Transcribe the listing below exactly, leaving out each image.

THE DATA: Begin

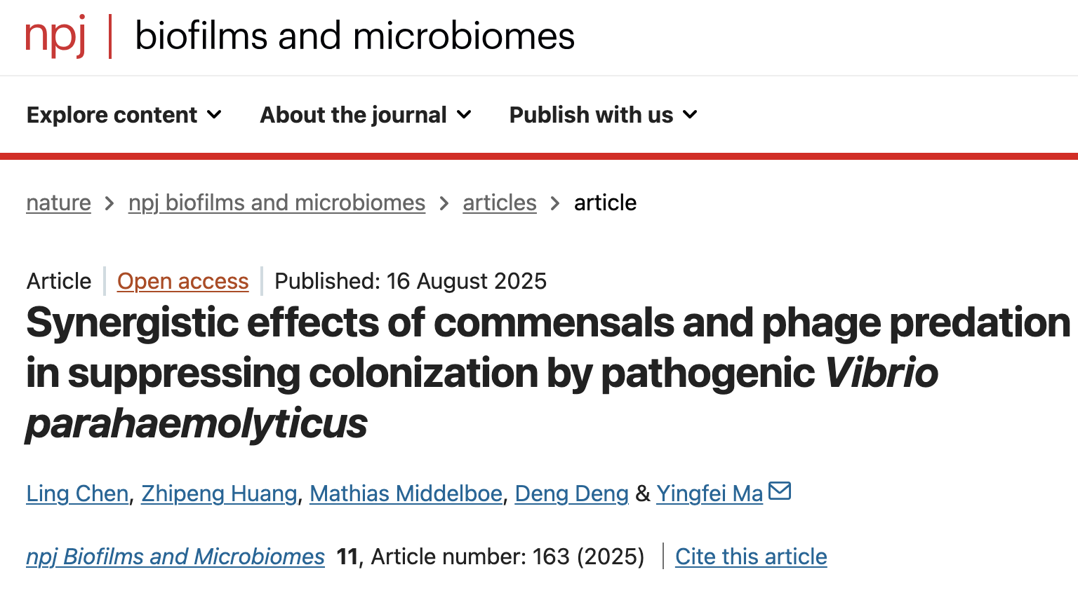 8月16日,中国科学院深圳先进技术研究院定量合成生物学全国重点实验室、合成生物学研究所马迎飞团队,在国际学术期刊《npj Biofilms and Microbiomes》(中国科学院1区top期刊,最新 IF=9.2)发表了题为“Synergistic effects of commensals and phage predation in suppressing colonization by pathogenic Vibrio parahaemolyticus”的研究成果。该研究由马迎飞团队与澳华集团共同推进,双方历经5年深入产业化合作,围绕南美白对虾弧菌病害防控的实际需求展开联合攻关。研究通过多组学联合分析和体内外模型验证,锁定南美白对虾肠道内“共生菌屏障”与“噬菌体精准靶向”两大核心机制,首次提出“共生菌-噬菌体协同防控”策略。研究团队基于关键肠道共生菌构建了合成菌群,联合副溶血弧菌噬菌体,将遭受弧菌感染的对虾存活率从23%提升至69%,这一绿色、精准、可预防的微生态干预方案,为替代抗生素、防控南美白对虾弧菌病害提供了新范式。
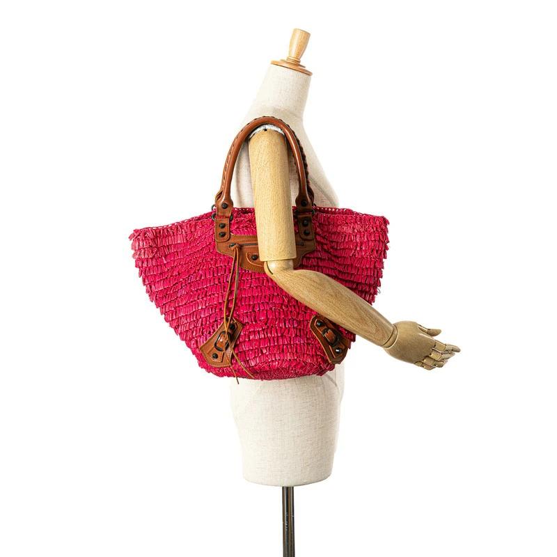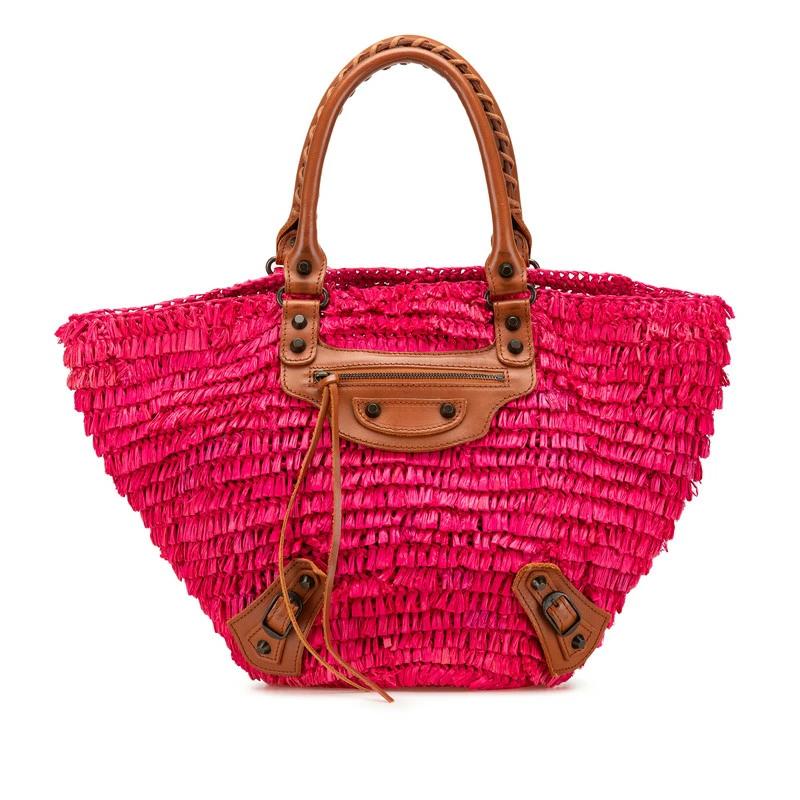 Pre-owned Balenciaga handbag, basket bag 286990, pink and brown raffia and leather. Women's.
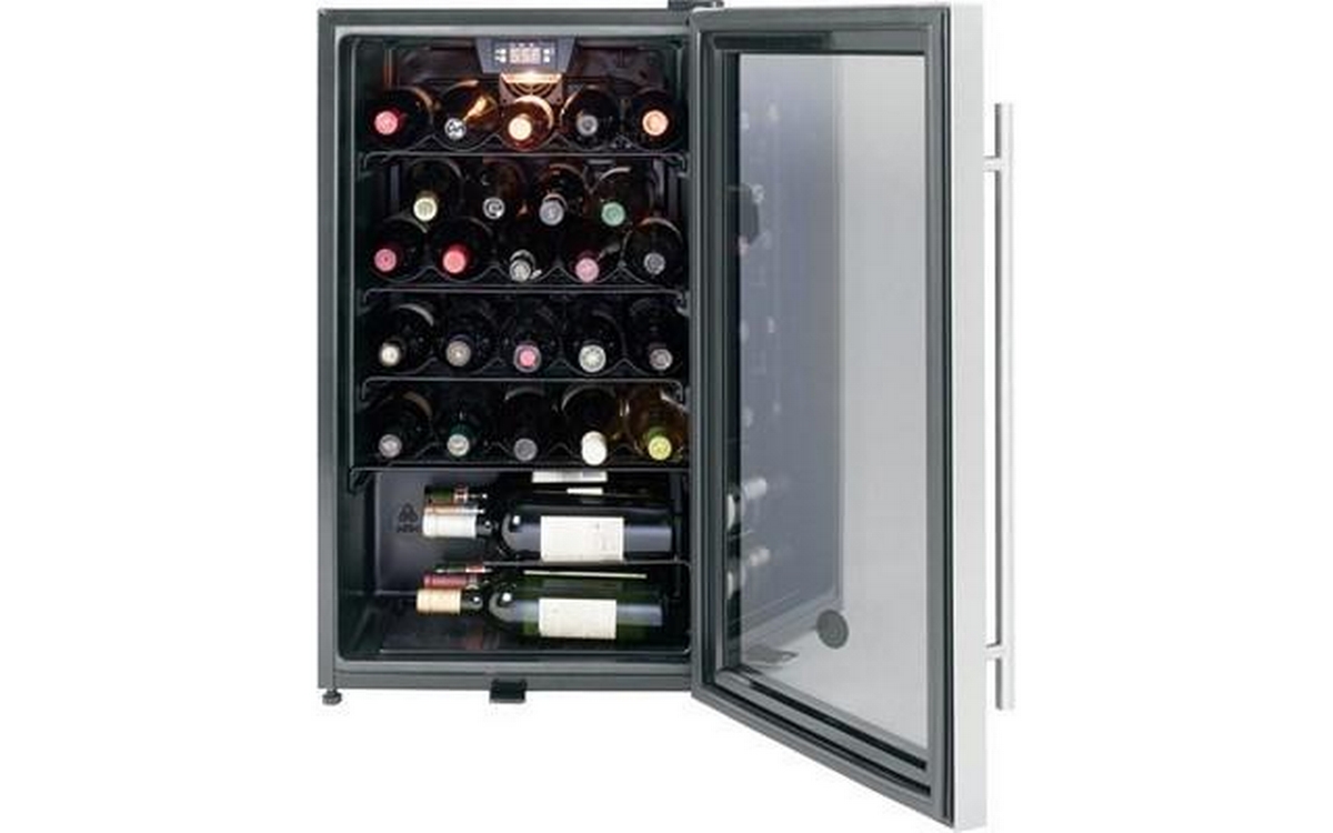 This GE wine cooler features auto defrost, 6 wine racks, adjustable temperature control and can accommodate up to 30 bottles of wine.

THE DATA: End

## SOLUTION FOR THIS EXERCISE
 8月16日,中国科学院深圳先进技术研究院定量合成生物学全国重点实验室、合成生物学研究所马迎飞团队,在国际学术期刊《npj Biofilms and Microbiomes》(中国科学院1区top期刊,最新 IF=9.2)发表了题为“Synergistic effects of commensals and phage predation in suppressing colonization by pathogenic Vibrio parahaemolyticus”的研究成果。该研究由马迎飞团队与澳华集团共同推进,双方历经5年深入产业化合作,围绕南美白对虾弧菌病害防控的实际需求展开联合攻关。研究通过多组学联合分析和体内外模型验证,锁定南美白对虾肠道内“共生菌屏障”与“噬菌体精准靶向”两大核心机制,首次提出“共生菌-噬菌体协同防控”策略。研究团队基于关键肠道共生菌构建了合成菌群,联合副溶血弧菌噬菌体,将遭受弧菌感染的对虾存活率从23%提升至69%,这一绿色、精准、可预防的微生态干预方案,为替代抗生素、防控南美白对虾弧菌病害提供了新范式。
 Pre-owned Balenciaga handbag, basket bag 286990, pink and brown raffia and leather. Women's.
 This GE wine cooler features auto defrost, 6 wine racks, adjustable temperature control and can accommodate up to 30 bottles of wine.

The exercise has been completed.